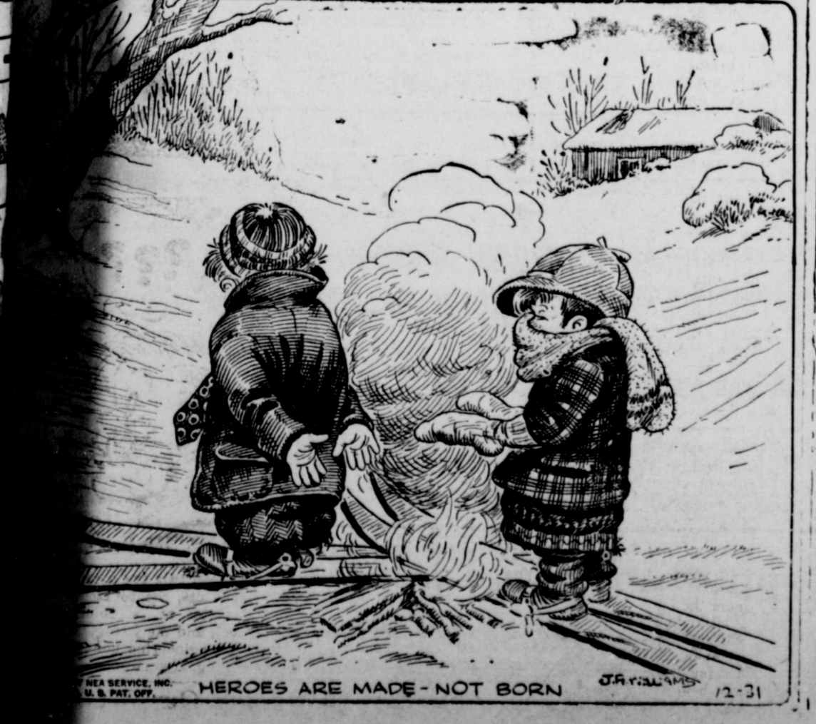
HEROES ARE MADE - NOT BORN
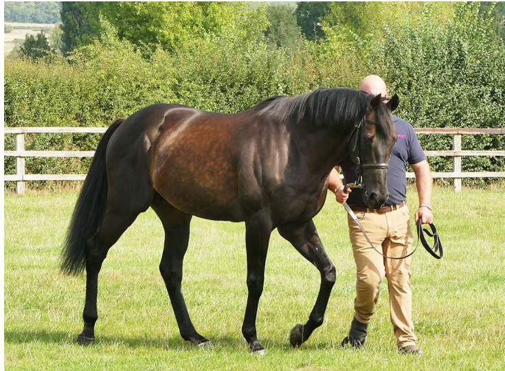
Golden Horn pictured at Overbury Stud

While the two young sprint stallions are clearly going to be kept busy this covering season, busier still will be the Derby and Arc winner Golden Horn. He is listed as having covered 152 mares in his final year at Darley, and his book will be just as full

__________________________________________________

EXERCISE - Leaving aside the pictures, copy the listing above exactly.

TASK ANSWER -
HEROES ARE MADE - NOT BORN
Golden Horn pictured at Overbury Stud

While the two young sprint stallions are clearly going to be kept busy this covering season, busier still will be the Derby and Arc winner Golden Horn. He is listed as having covered 152 mares in his final year at Darley, and his book will be just as full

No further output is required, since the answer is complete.